* **How to complete this task**
Write out all records as given; omit images.

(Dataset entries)
***

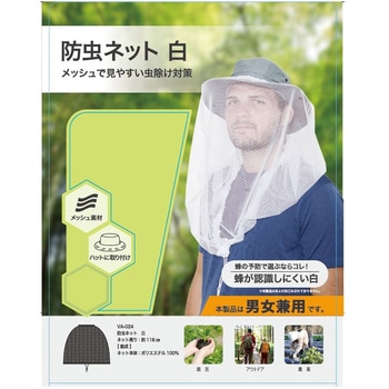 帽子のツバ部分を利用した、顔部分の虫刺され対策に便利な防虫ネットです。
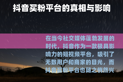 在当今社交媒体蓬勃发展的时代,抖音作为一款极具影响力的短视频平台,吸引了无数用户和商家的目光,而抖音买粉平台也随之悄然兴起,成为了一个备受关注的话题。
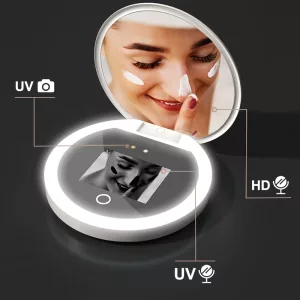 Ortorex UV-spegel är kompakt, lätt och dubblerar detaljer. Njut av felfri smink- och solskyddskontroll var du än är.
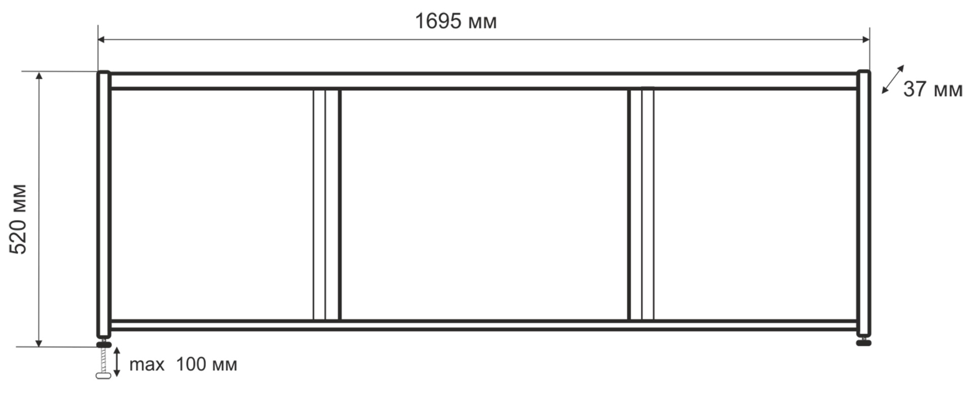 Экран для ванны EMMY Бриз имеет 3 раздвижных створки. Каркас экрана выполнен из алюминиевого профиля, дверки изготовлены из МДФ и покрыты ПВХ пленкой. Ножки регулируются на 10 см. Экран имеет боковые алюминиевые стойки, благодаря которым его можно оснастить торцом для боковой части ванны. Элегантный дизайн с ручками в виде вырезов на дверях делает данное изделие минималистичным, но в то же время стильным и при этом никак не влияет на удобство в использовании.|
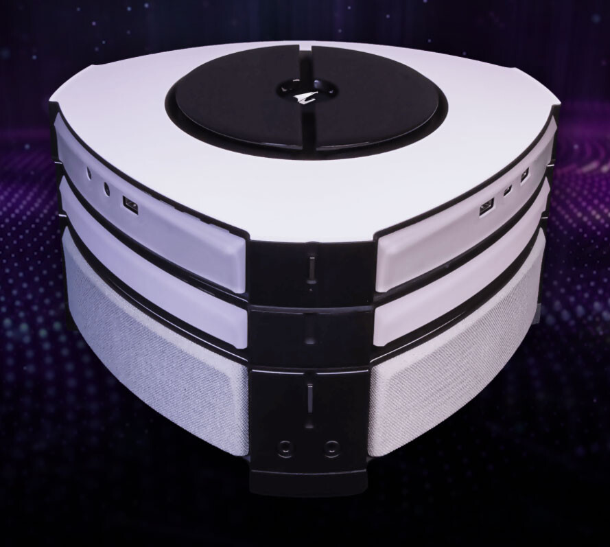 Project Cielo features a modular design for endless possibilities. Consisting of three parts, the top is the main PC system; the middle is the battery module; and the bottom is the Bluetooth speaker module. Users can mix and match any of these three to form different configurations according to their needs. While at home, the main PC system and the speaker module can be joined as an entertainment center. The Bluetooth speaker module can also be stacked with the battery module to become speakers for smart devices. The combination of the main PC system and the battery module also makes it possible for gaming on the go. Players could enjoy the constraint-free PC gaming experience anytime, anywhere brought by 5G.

***

* **Exercise output**
 帽子のツバ部分を利用した、顔部分の虫刺され対策に便利な防虫ネットです。
 在当今社交媒体蓬勃发展的时代,抖音作为一款极具影响力的短视频平台,吸引了无数用户和商家的目光,而抖音买粉平台也随之悄然兴起,成为了一个备受关注的话题。
 Ortorex UV-spegel är kompakt, lätt och dubblerar detaljer. Njut av felfri smink- och solskyddskontroll var du än är.
 Экран для ванны EMMY Бриз имеет 3 раздвижных створки. Каркас экрана выполнен из алюминиевого профиля, дверки изготовлены из МДФ и покрыты ПВХ пленкой. Ножки регулируются на 10 см. Экран имеет боковые алюминиевые стойки, благодаря которым его можно оснастить торцом для боковой части ванны. Элегантный дизайн с ручками в виде вырезов на дверях делает данное изделие минималистичным, но в то же время стильным и при этом никак не влияет на удобство в использовании.|
 Project Cielo features a modular design for endless possibilities. Consisting of three parts, the top is the main PC system; the middle is the battery module; and the bottom is the Bluetooth speaker module. Users can mix and match any of these three to form different configurations according to their needs. While at home, the main PC system and the speaker module can be joined as an entertainment center. The Bluetooth speaker module can also be stacked with the battery module to become speakers for smart devices. The combination of the main PC system and the battery module also makes it possible for gaming on the go. Players could enjoy the constraint-free PC gaming experience anytime, anywhere brought by 5G.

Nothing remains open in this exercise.